Internet-Draft      Privacy Terminology and Concepts          March 2012


3.  Identifiability

   Identity:  Any subset of a data subject's attributes that identifies
      the data subject within a given context.  Data subjects usually
      have multiple identities for use in different contexts.

   Identifier:  A data object that represents a specific identity of a
      protocol entity or data subject.  See [RFC4949].

   Identifiability:  The extent to which a data subject is identifiable.

   Identification:  The linking of information to a particular data
      subject to infer the subject's identity.

   The following sub-sections define terms related to different ways of
   reducing identifiability.

3.1.  Anonymity

   Anonymous:  A property of a data subject in which an observer or
      attacker cannot identify the data subject within a set of other
      subjects (the anonymity set).

   Anonymity:  The state of being anonymous.
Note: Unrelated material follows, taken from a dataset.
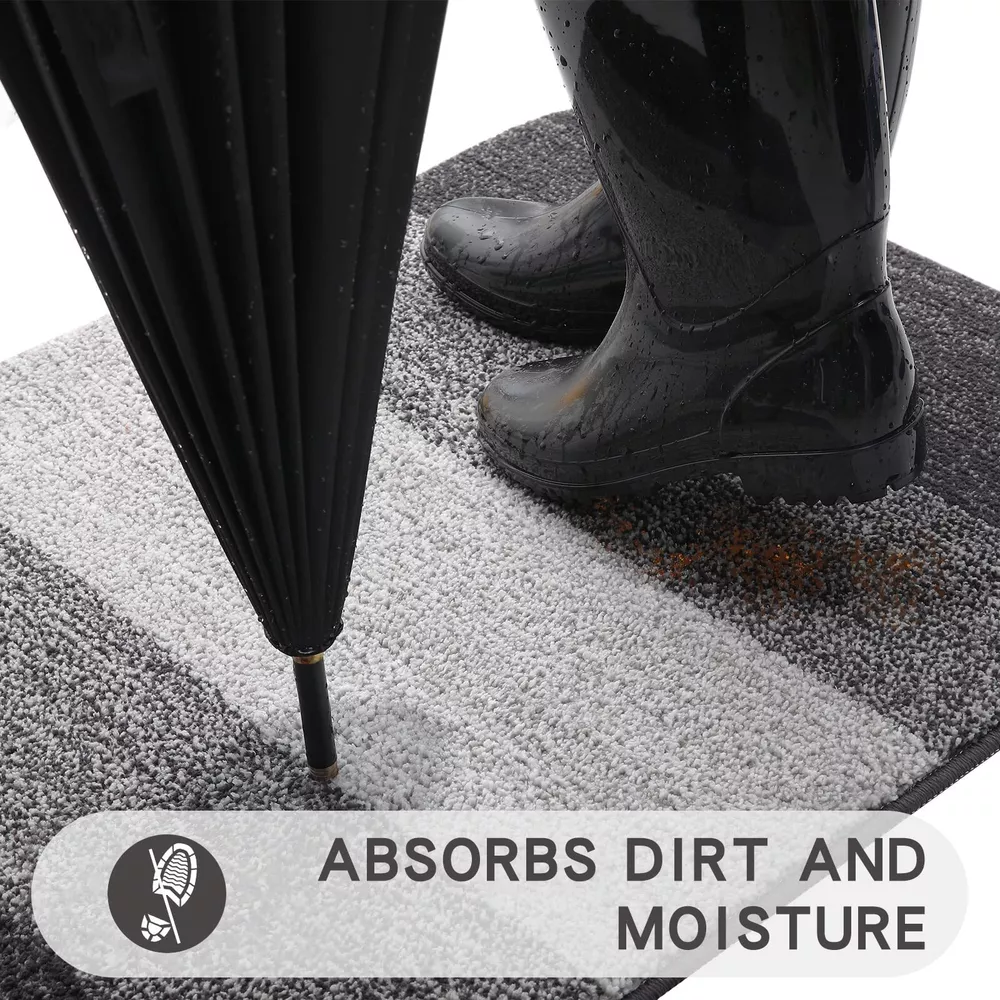 PLEASE NOTE: Since doormats are folded packed, it is normal that items may arrive with creases. Don't worry, it will not affect the use. Please machine wash flat for 2-3 days, patiently wait for wrinkles to recover, or use a hot iron on a wet towel, wrinkles will disappear completely. ABSORBS MOISTURE AND DIRT:Kitinjoy indoor doormats effectively trap water, mud, and dirt. Countless polyester fibers keep indoor areas clean, and dry. Even rain, snow, or muddy weather can protect the floor from spills or stains. STURDY & NON-SLIP: These indoor doormats are made of good quality polyester microfiber with sturdy braided edges for more durability; Non-slip TP Rubber keep them firmly in place and are able to prevent trips and falls. Make sure the floor is clean and dry before placing. LOW PROFILE & VERSATILE: The 0.4 inch thickness makes our doormat suitable for most entrances. Doors can be opened and closed smoothly without fear of tripping. The fashion design and multiple options can be widely used indoor and outdoor, kitchen, front door, entrance, patio, garage, laundry, bathroom, etc. EASY TO CLEAN: Doormats can be cleaned off with a broom or vacuum cleaner, or using a vacuum cleaner. They can also be machine washed separately in cold water with a mild detergent, dried, or dried through low temperature. Do not use bleach or fabric softener.

   To enable anonymity of a data subject, there must exist a set of data
   subjects with potentially the same attributes, i.e., to the attacker
   or the observer these data subjects must appear indistinguishable
   from each other.  The set of all such data subjects is known as the
   anonymity set and membership of this set may vary over time.
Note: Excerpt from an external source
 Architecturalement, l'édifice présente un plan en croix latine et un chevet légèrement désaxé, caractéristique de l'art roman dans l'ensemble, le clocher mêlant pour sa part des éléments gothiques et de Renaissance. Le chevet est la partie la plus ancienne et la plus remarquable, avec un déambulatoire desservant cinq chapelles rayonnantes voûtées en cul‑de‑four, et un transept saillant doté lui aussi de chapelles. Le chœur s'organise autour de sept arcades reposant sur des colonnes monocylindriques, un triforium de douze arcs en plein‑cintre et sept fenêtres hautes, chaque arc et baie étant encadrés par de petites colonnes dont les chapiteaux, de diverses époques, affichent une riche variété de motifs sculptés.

   The composition of the anonymity set depends on the knowledge of the
   observer or attacker.  Thus anonymity is relative with respect to the
   observer or attacker.  An initiator may be anonymous only within a
   set of potential initiators -- its initiator anonymity set -- which
   itself may be a subset of all data subjects that may initiate
   communications.  Conversely, a recipient may be anonymous only within
   a set of potential receipients -- its receipient anonymity set.  Both
   anonymity sets may be disjoint, may overlap, or may be the same.
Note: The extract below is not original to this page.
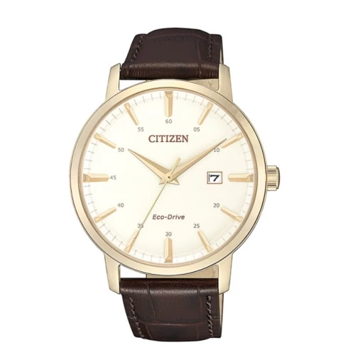 Reloj Citizen bm7463-12a eco drive para hombre, en acero dorado y piel, esfera en blanco agujas e índices en dorado, calendario en las tres, calibre e111, estuche y garantía Citizen

   As an example consider RFC 3325 (P-Asserted-Identity, PAI) [RFC3325],
   an extension for the Session Initiation Protocol (SIP), that allows a
   data subject, such as a VoIP caller, to instruct an intermediary that
   he or she trusts not to populate the SIP From header field with the
   subject's authenticated and verified identity.  The recipient of the
   call, as well as any other entity outside of the data subject's trust
   domain, would therefore only learn that the SIP message (typically a
   SIP INVITE) was sent with a header field 'From: "Anonymous"



Hansen, et al.         Expires September 13, 2012               [Page 6]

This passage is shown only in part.